Make-ahead Monday: Roast salmon to make 3 healthy suppers – TODAY

Don’t think cooked fish can make good leftovers? Think again! Salmon stays fresh for days in the fridge and is perfect for repurposing into a variety of different dishes. Chef Geoffrey Zakarian is joining TODAY to show us how to roast salmon at the start of the week with broccoli and sweet potatoes and use the leftovers to prepare two other tasty meals: pasta with salmon and arugula pesto and salmon Cubano sandwiches.

My favorite meals are ones that are well balanced and nutritious.

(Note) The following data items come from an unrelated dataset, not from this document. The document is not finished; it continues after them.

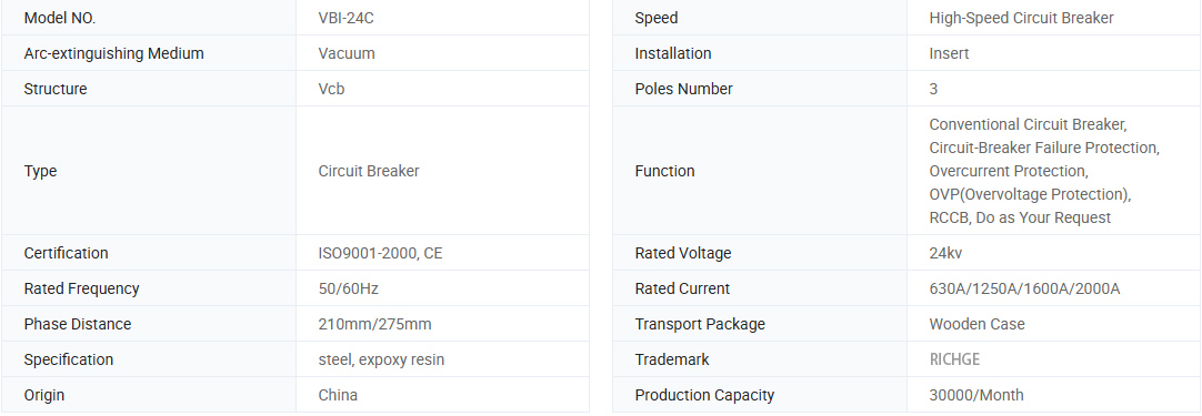 VBI-24 मध्यम वोल्टेज वैक्यूम सर्किट ब्रेकर 50Hz/60Hz तीन चरण AC 24KV रेटेड वोल्टेज के साथ एक प्रकार का इनडोर मध्यम वोल्टेज स्विच उपकरण है, जिसने स्विट्जरलैंड में एबीबी निगम की तकनीक को जोड़ा और चीन में विकसित किया। उत्पाद मानक GB1984 और IEC62271-100 के साथ अनुपालन करता है।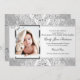 Pretty Damask & Cross Silver Photo Baptism Invite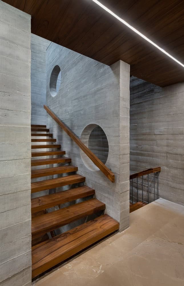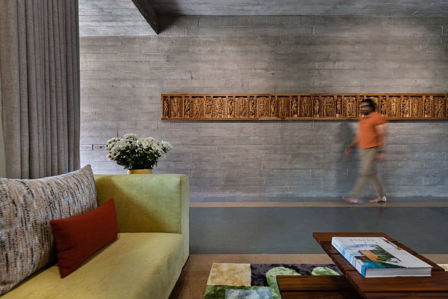 Concrete is the architectural protagonist. Its natural grey tone and timber-formed surface textures establish a tactile narrative. This is complemented by Kota stone, sandstone, reclaimed wood, and teak furnishings, forming an unadorned yet refined material palette.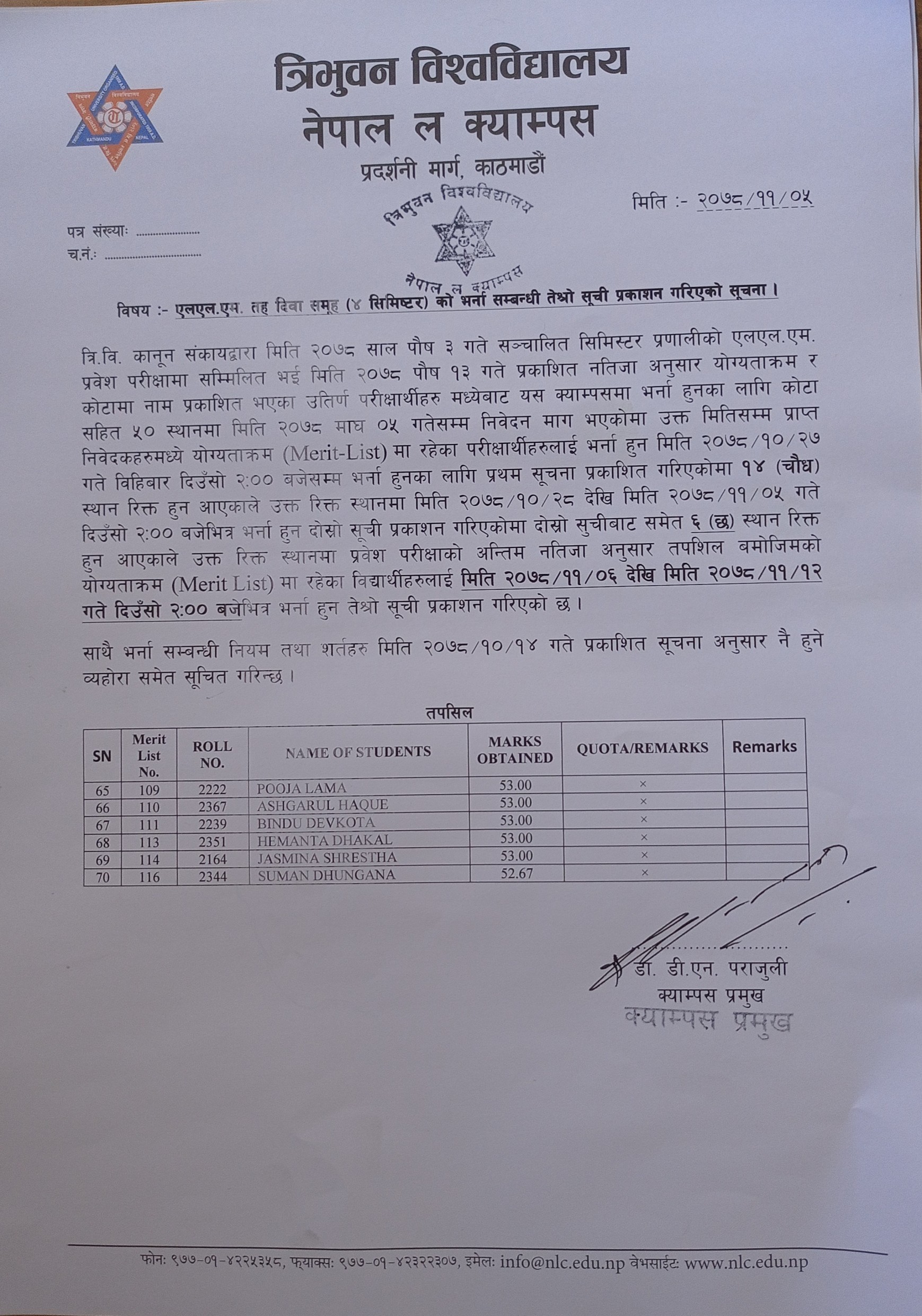 Published Date: 2022-02-17 एलएल.एम तह दिवा समुह (४ semester ) को भर्ना सम्बन्धी तेश्रो सुची प्रकाशन गरिएको सुचना हेर्न यहाँ click गर्नुहोस |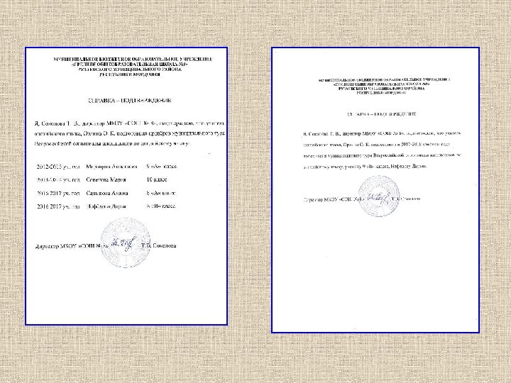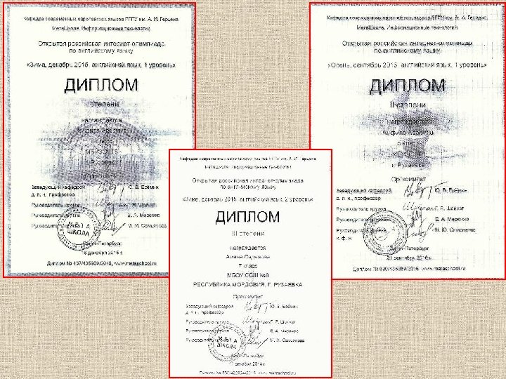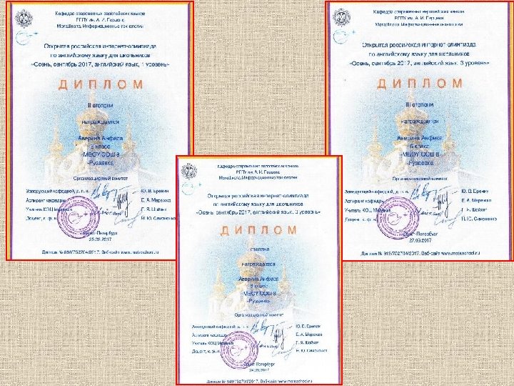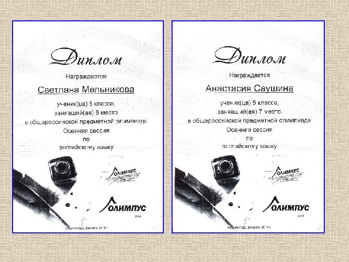 Наименование Уровень Дата проведения ФИ обучающегося класс Результат участия Открытая российская интернет – олимпиада по английскому языку Всероссийский 2015 год Садыкова Амина 7 класс Диплом III степени Международная онлайн олимпиада «Фоксфорд» по английскому языку Международный 2016 год Баракина Анастасия 5 класс Победитель олимпиады за 5 класс Диплом III степени Международная онлайн олимпиада «Фоксфорд» по английскому языку Международный 2016 год Баракина Анастасия 5 класс Победитель олимпиады за 6 класс Диплом II степени Международная онлайн олимпиада «Фоксфорд» по английскому языку Международный 2016 год Астафьева Дарья 5 класс Победитель олимпиады за 5 класс Диплом III степени Международная онлайн олимпиада «Фоксфорд» по английскому языку Международный 2016 год Забродина Мария 6 класс Победитель олимпиады за 6 класс Диплом II степени Общероссийская предметная олимпиада по английскому языку «Олимпус» Всероссийский 2016 год Мельникова Светлана 5 класс 8 место Общероссийская предметная олимпиада по английскому языку «Олимпус» Всероссийский 2016 год Саушина Анастасия 5 класс 7 место Открытая Российская интернет-олимпиада по английскому языку для школьников Всероссийский 2017 год Аверина Анфиса 6 класс Диплом I степени Диплом III степени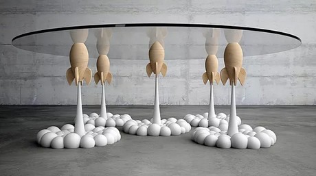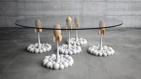 De in Cyprus gevestigde ontwerper Stelios Moussaris heeft een nieuwe opvallende salontafel gecreëerd. De ronde salontafel bestaat uit een glazenplaat, die wordt ondersteund door vijf poten. De vijf tafelpoten hebben de vorm van gelanceerde raketten, compleet met gasuitstoot. De naam van de tafel is dan ook de Rocket Table.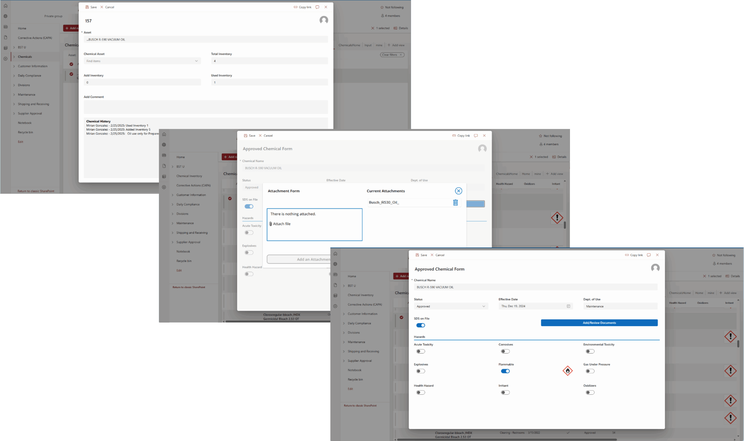 - Streamlining Workflows: Creates workflows to manage chemical approvals, provide low supply reminders, and prompt regular chemical and SDS review.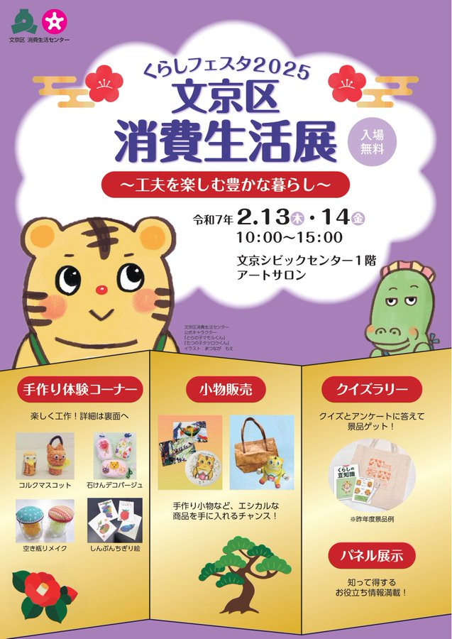 【イベント】2/13(木)・14(金)に「くらしフェスタ2025消費生活展」を開催!食品・製品の安全、契約、エシカル消費等くらしに役立つ情報をお届けします。手作り体験や物販等のイベントも実施!クイズに..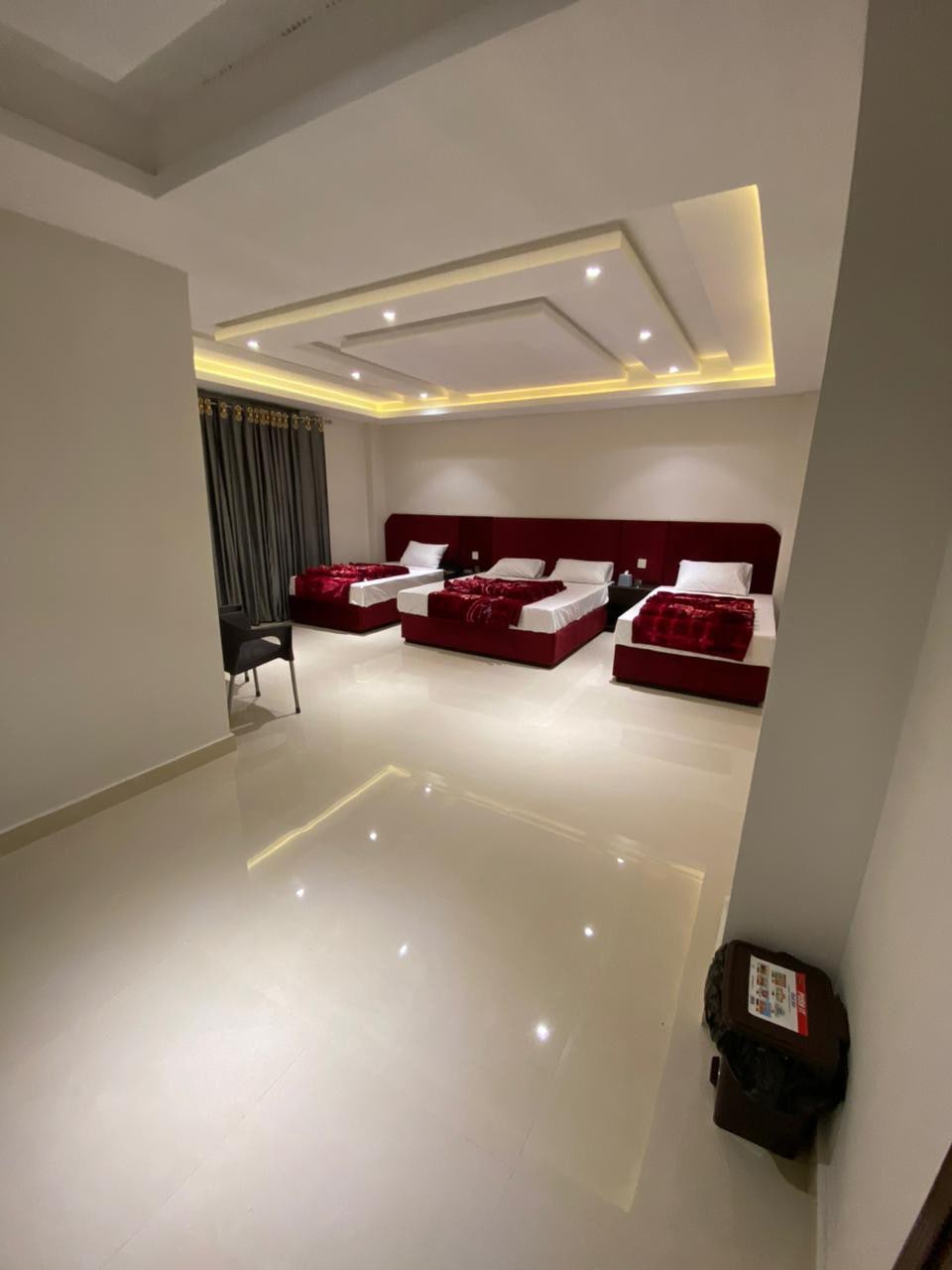 Premium Two Bed Room Apartment - Executive Standard Specifications: Bedrooms: Large King Size bed Twin singles Beds Living Area: 7-seater sofa, 55" Smart TV Central coffee table, separate entrance Kitchen/Dining: Fully equipped, 6 seat dining set Features: Wood-finish interiors, premium fittings High-speed prepaid internet, modern lighting Ideal for: Executive stays/family living (6 adults)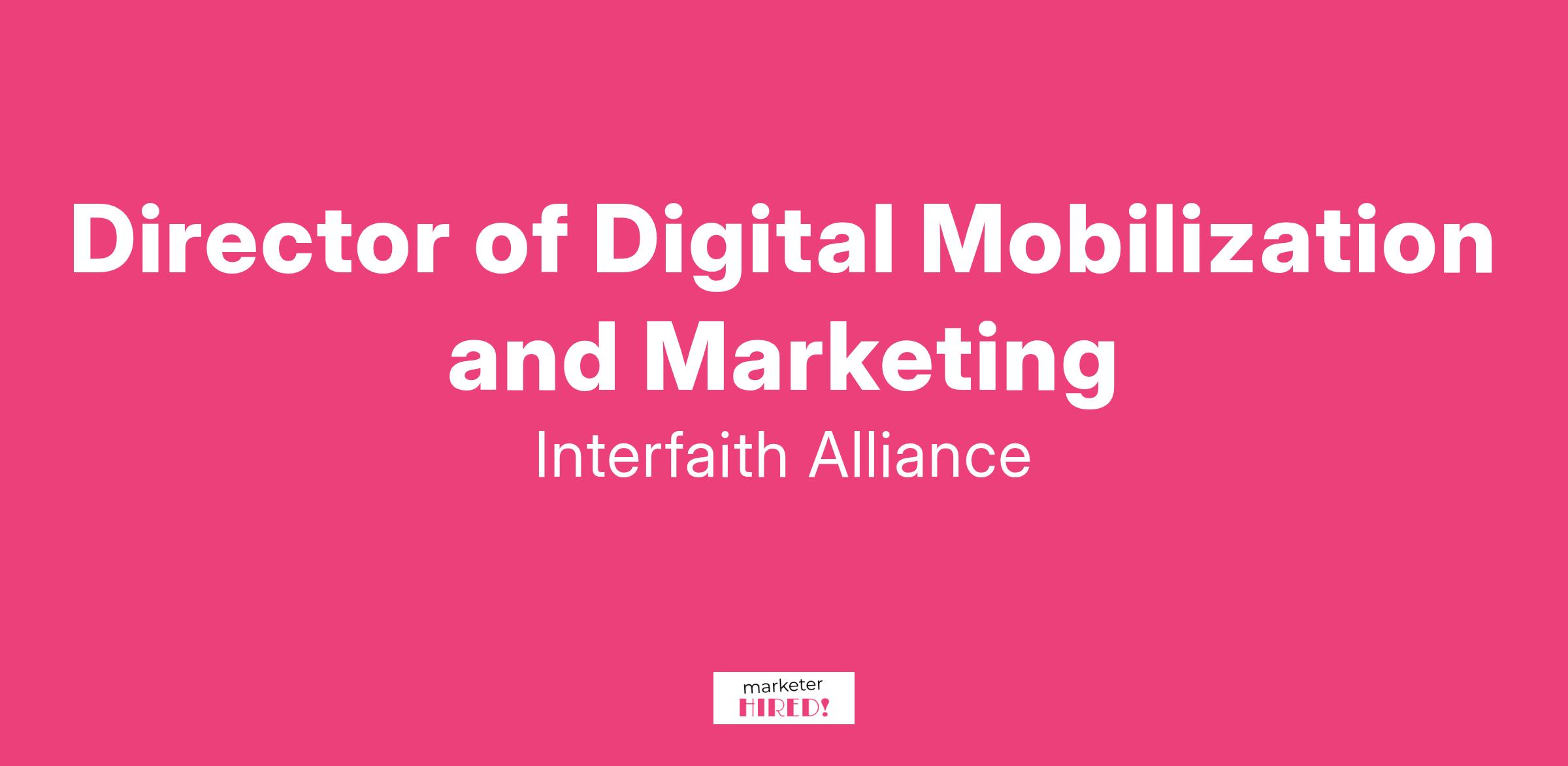 Interfaith Alliance is a network of people of diverse faiths and beliefs working together to build a resilient, inclusive democracy and fulfill Americaβs promise of religious freedom and civil rights not just for some, but for all. The candidate in this new position will join an energetic, committed, and growing team working in D.C. and across the country to βachieve democracy together.β To share our message, we employ all of the communications tools available, including social media, targeted email, action alerts, print collateral, and content production. We build integrated campaigns with messages designed to break through noise, educate and frame issues, and offer people language that gives hope and inspires mobilization and collective action. A director level role at Interfaith Alliance entails a range of responsibilities from strategy and thought leadership to execution of day to day tasks.The Director of Digital Mobilization and Marketing is set to start on March 1, 2025, and is based in Washington, DC. Applications are due by February 15, 2025 and will be considered on a rolling basis.Responsibilities:

Here, the salmon provides the protein and healthy fats, sweet potatoes bring vitamins and the broccolini adds fiber. It’s an easy dinner that is flavorful, simple and satisfying.

I love this recipe because it utilizes leftovers and addresses a variety of nutrition needs. Pesto can also be frozen into ice cube trays and used for single service.

This dish is a late night leftover craving which is quick to put together and satisfies your appetite with a slightly salty and crispy bite of food.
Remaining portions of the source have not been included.